(Assignment): Pictures excluded, reproduce exactly the lines below from the one with "ちょっとしたワインディングを" through the one with "у f^ jc^ = y^", both included.

(Dataset extract):
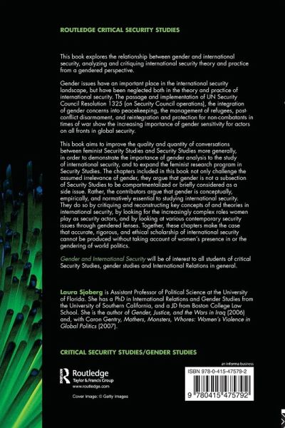 This book defines the relationship between gender and international security, analyzing and critiquing international security theory and practice from a gendered perspective. Gender issues have an important place in the international security landscape, but have been neglected both in the theory and practice of international security. The passage and implementation of UN Security Council Resolution 1325 (on Security Council operations), the integration of gender concerns into peacekeeping, the management of refugees, post-conflict disarmament and reintegration and protection for non-combatants in times of war shows the increasing importance of gender sensitivity for actors on all fronts in global security. This book aims to improve the quality and quantity of conversations between feminist security studies and security studies more generally, in order to demonstrate the importance of gender analysis to the study of international security, and to expand the feminist research program in Security Studies. The chapters included in this book not only challenge the assumed irrelevance of gender, they argue that gender is not a subsection of security studies to be compartmentalized or briefly considered as a side issue. Rather, the contributors argue that gender is conceptually, empirically, and normatively essential to studying international security. They do so by critiquing and reconstructing key concepts of and theories in international security, by looking for the increasingly complex roles women play as security actors, and by looking at various contemporary security issues through gendered lenses. Together, these chapters make the case that accurate, rigorous, and ethical scholarship of international security cannot be produced without taking account of women's presence in or the gendering of world politics. This book will be of interest to all students of critical security studies, gender studies and International Relations in general. Laura Sjoberg is Assistant Professor of Political Science at the University of Florida. She has a Phd in International Relations and Gender Studies from the University of Southern California and is the author of Gender, Justice, and the Wars in Iraq (2006) and, with Caron Gentry, Mothers, Monsters, Whores: Women's Violence in Global Politics (2007)
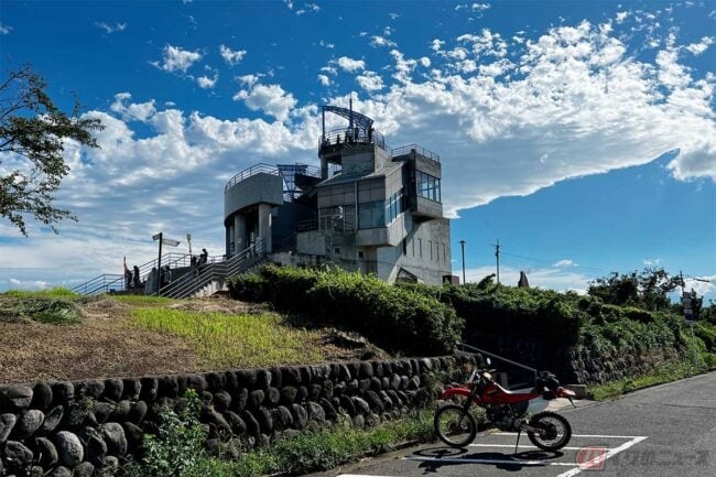 ちょっとしたワインディングを駆け上がって到着したのは、神奈川県随一の夜景の名所、定番のデートスポットでもある「湘南平」です。ということで筆者もバイク女子と待ち合わせ、もちろん取材ですが……。
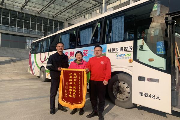 12月23日,桂林理工大学先生代表该校全体师生将一面印有“定制公交 便捷出行 护学路上 谢谢有您”的锦旗送至公交集团,对定制公交事情职员为学生考试保驾护航体现谢谢。
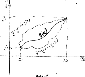 у f^ jc^ = y^ + с/. ^ ^ , где ^ ^ -произвольная функция, но ц (зе^)^ И ( v. s.}~- C> (см .рис. 9). '.( - i A Тогда при малых об для кривых L/( o[^ oc,) интеграл (1) будет принимать значения близкие к минимальному и зависит от параметра^: . Vi (з) Если мы предположим, что функция у^ доставляет минимум J^v, то необходимое условие минимума будет: ^/, oL - JW ^^ ^ Продифференцируем (3) по Л:
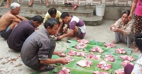 Cũng món thịt lợn thôi, nhưng chiều 30 Tết ta thèm nghe tiếng lợn kêu, được góp vài ba nhà “đụng” một con lợn hơi. Được chia đều từ lòng, thủ, thịt vai, thịt chân giò… Còn nóng hôi hổi, còn bốc khói đã bắt mắt, đã nằng nặng tay, đã xuýt xoa ơi ới, tay dao, tay thớt, nghe thật vui, thật ồn ã, náo động cả góc làng, góc xóm hồ hởi mà tươi trẻ lại. Trẻ thì được thêm cái bong bóng, già thì dành cho quả tim tươi đỏ. Chứ không lạnh ngắt, tái tê, bèo nhèo, thổng thượt như các phản thịt bán ngoài chợ.
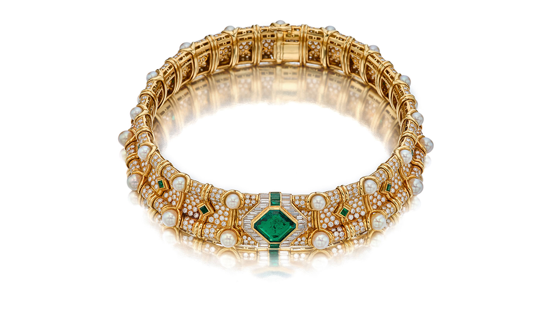 Barbara received several jewelry gifts from her lover over the years, including the two pieces featured in the upcoming sale—a Bulgari emerald, diamond and cultured pearl choker and a 16.19-carat diamond ring.
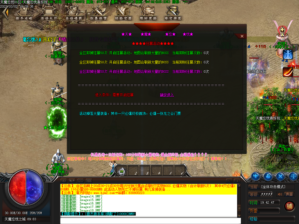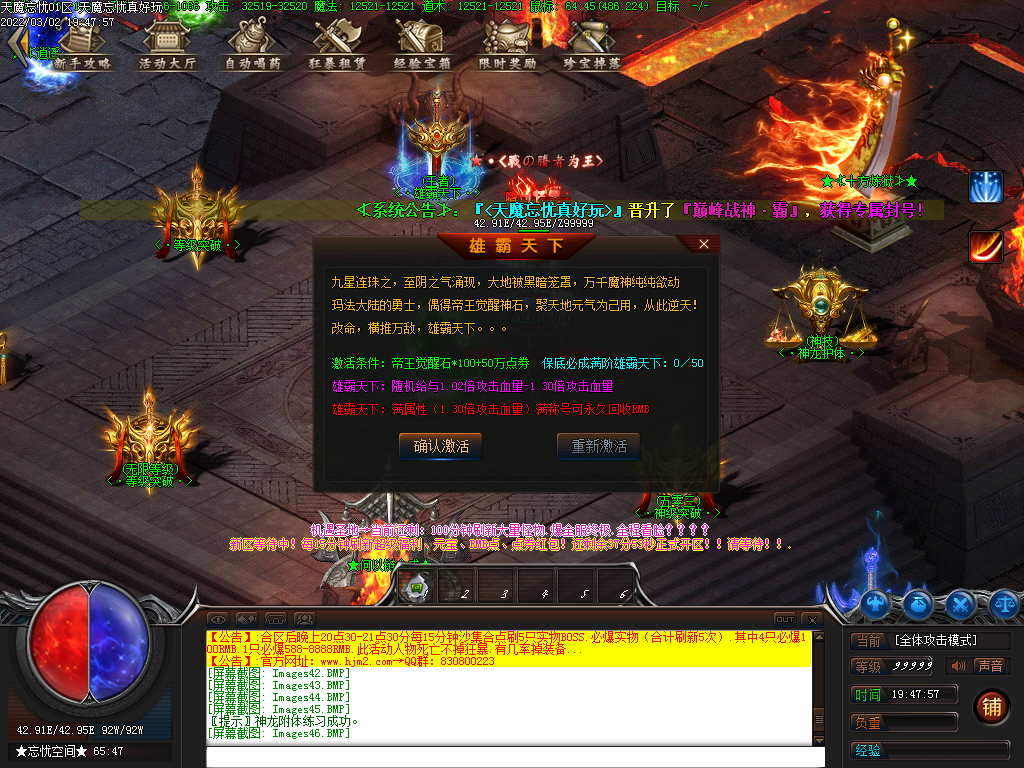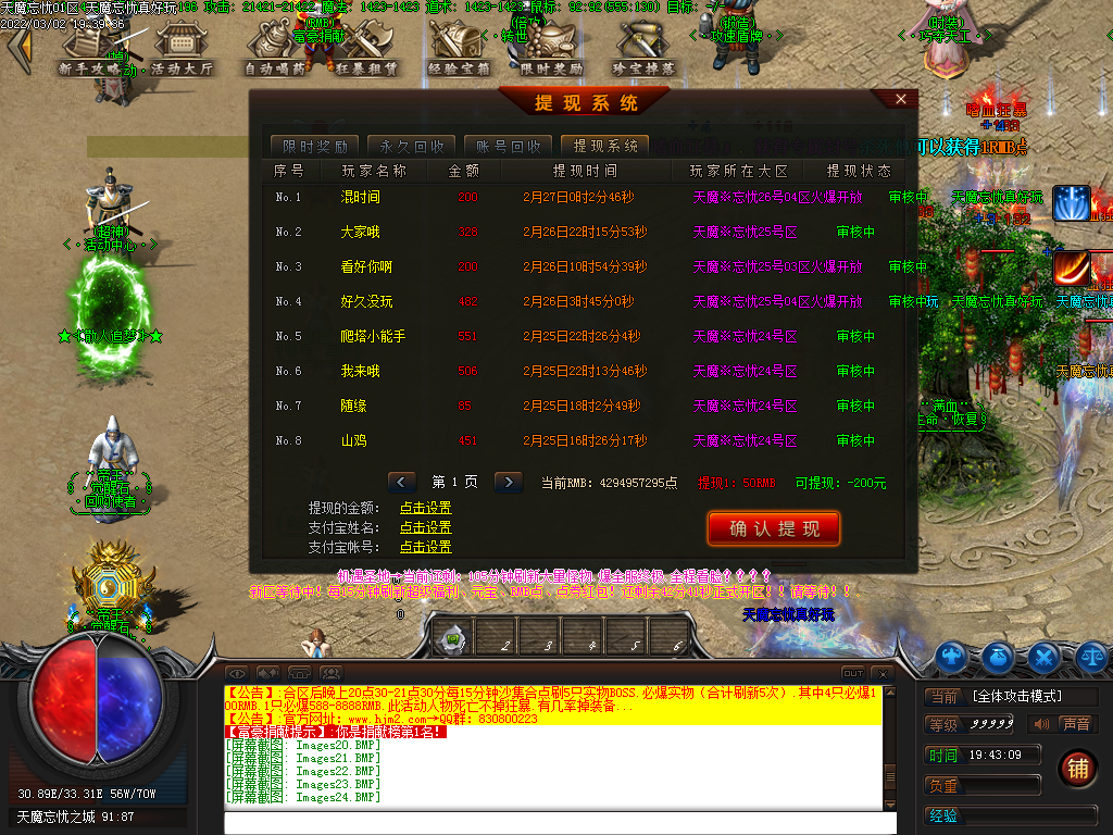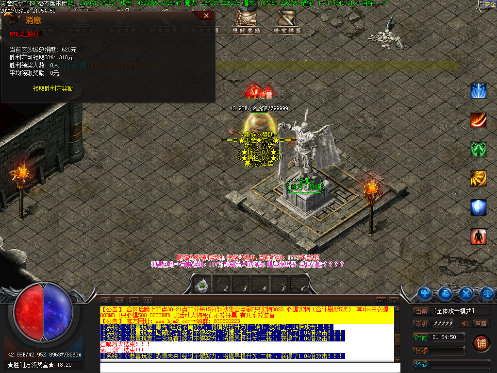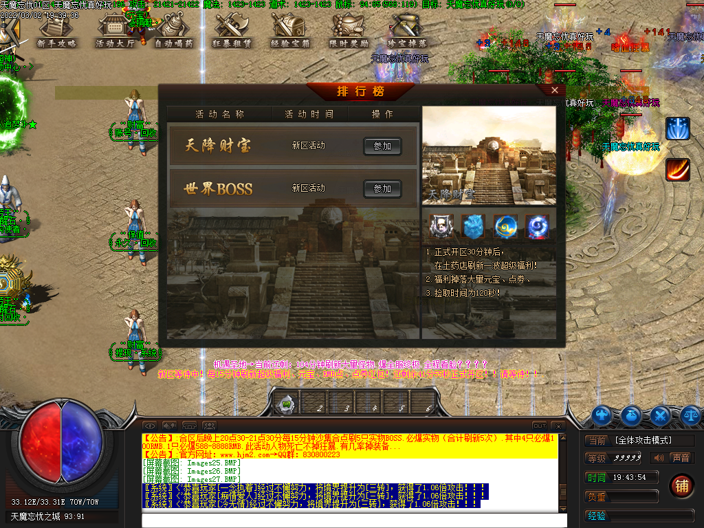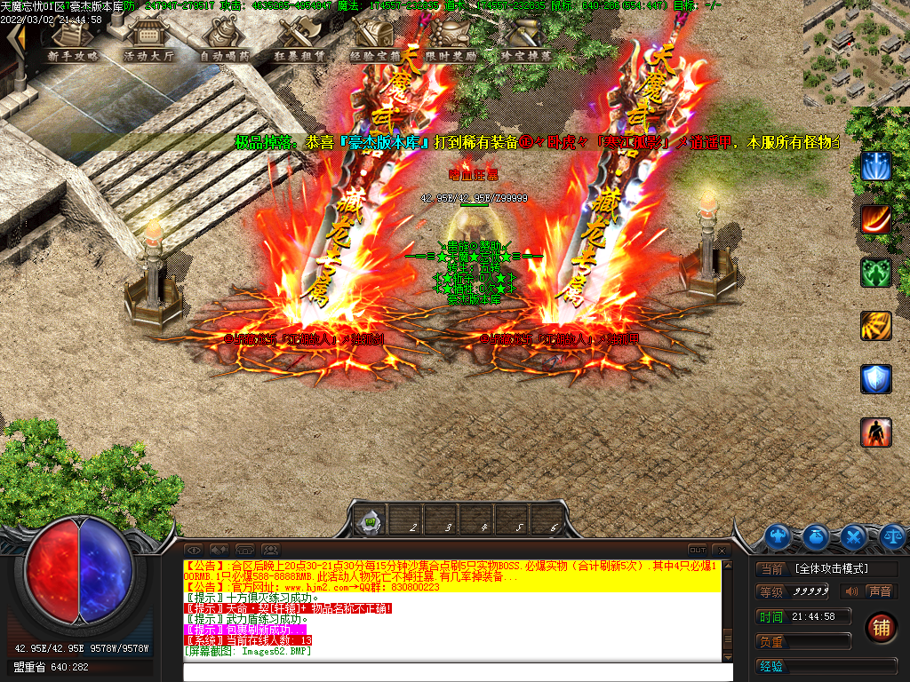 开区端-天魔忘忧神器单职业传奇版本-带假人带光柱-实物回收-限时奖励-通天塔失败奖励-自助沙城奖励发放-自动拾取

(Task result):
 ちょっとしたワインディングを駆け上がって到着したのは、神奈川県随一の夜景の名所、定番のデートスポットでもある「湘南平」です。ということで筆者もバイク女子と待ち合わせ、もちろん取材ですが……。
 12月23日,桂林理工大学先生代表该校全体师生将一面印有“定制公交 便捷出行 护学路上 谢谢有您”的锦旗送至公交集团,对定制公交事情职员为学生考试保驾护航体现谢谢。
 у f^ jc^ = y^ + с/. ^ ^ , где ^ ^ -произвольная функция, но ц (зе^)^ И ( v. s.}~- C> (см .рис. 9). '.( - i A Тогда при малых об для кривых L/( o[^ oc,) интеграл (1) будет принимать значения близкие к минимальному и зависит от параметра^: . Vi (з) Если мы предположим, что функция у^ доставляет минимум J^v, то необходимое условие минимума будет: ^/, oL - JW ^^ ^ Продифференцируем (3) по Л:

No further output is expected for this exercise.